* [Task details]: The records that follow are to be repeated exactly, with the pictures removed.

* [Provided entries]:

━━━━━━━━━━━━━━━━

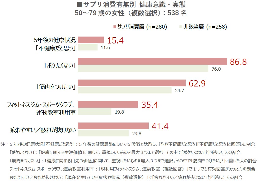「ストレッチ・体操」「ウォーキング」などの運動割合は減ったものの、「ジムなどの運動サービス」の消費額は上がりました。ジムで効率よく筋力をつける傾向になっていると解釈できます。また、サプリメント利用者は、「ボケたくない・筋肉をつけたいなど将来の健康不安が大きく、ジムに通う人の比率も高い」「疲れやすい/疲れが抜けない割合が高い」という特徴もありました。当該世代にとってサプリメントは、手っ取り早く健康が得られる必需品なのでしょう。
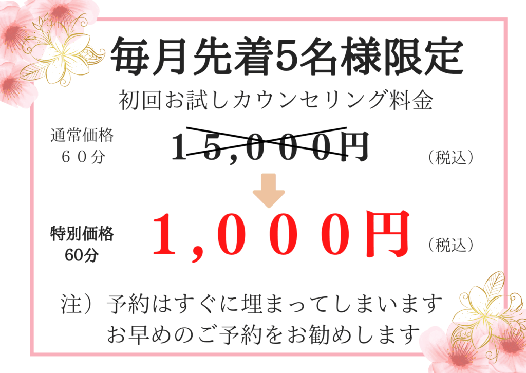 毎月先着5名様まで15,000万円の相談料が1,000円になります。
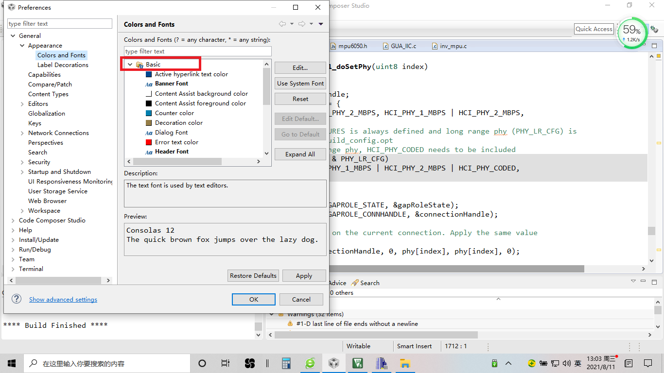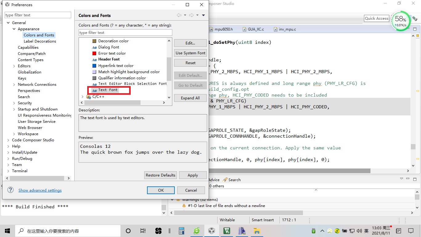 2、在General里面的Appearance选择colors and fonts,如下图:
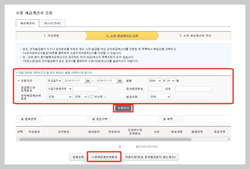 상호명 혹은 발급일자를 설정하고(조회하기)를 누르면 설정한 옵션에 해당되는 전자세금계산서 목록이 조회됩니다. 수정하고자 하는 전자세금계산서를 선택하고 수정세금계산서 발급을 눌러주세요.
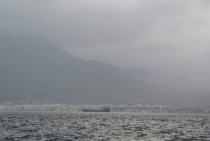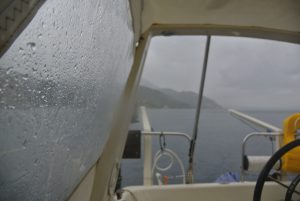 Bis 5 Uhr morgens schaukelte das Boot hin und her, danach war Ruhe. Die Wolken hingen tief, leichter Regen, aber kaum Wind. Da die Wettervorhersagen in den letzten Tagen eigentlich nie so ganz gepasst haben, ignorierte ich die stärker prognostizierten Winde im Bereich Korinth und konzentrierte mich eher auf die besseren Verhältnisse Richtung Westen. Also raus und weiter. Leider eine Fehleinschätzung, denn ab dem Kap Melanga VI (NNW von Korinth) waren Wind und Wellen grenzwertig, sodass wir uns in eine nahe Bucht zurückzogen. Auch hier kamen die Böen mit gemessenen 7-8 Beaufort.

━━━━━━━━━━━━━━━━

* [Solution]:
「ストレッチ・体操」「ウォーキング」などの運動割合は減ったものの、「ジムなどの運動サービス」の消費額は上がりました。ジムで効率よく筋力をつける傾向になっていると解釈できます。また、サプリメント利用者は、「ボケたくない・筋肉をつけたいなど将来の健康不安が大きく、ジムに通う人の比率も高い」「疲れやすい/疲れが抜けない割合が高い」という特徴もありました。当該世代にとってサプリメントは、手っ取り早く健康が得られる必需品なのでしょう。
 毎月先着5名様まで15,000万円の相談料が1,000円になります。
 2、在General里面的Appearance选择colors and fonts,如下图:
 상호명 혹은 발급일자를 설정하고(조회하기)를 누르면 설정한 옵션에 해당되는 전자세금계산서 목록이 조회됩니다. 수정하고자 하는 전자세금계산서를 선택하고 수정세금계산서 발급을 눌러주세요.
 Bis 5 Uhr morgens schaukelte das Boot hin und her, danach war Ruhe. Die Wolken hingen tief, leichter Regen, aber kaum Wind. Da die Wettervorhersagen in den letzten Tagen eigentlich nie so ganz gepasst haben, ignorierte ich die stärker prognostizierten Winde im Bereich Korinth und konzentrierte mich eher auf die besseren Verhältnisse Richtung Westen. Also raus und weiter. Leider eine Fehleinschätzung, denn ab dem Kap Melanga VI (NNW von Korinth) waren Wind und Wellen grenzwertig, sodass wir uns in eine nahe Bucht zurückzogen. Auch hier kamen die Böen mit gemessenen 7-8 Beaufort.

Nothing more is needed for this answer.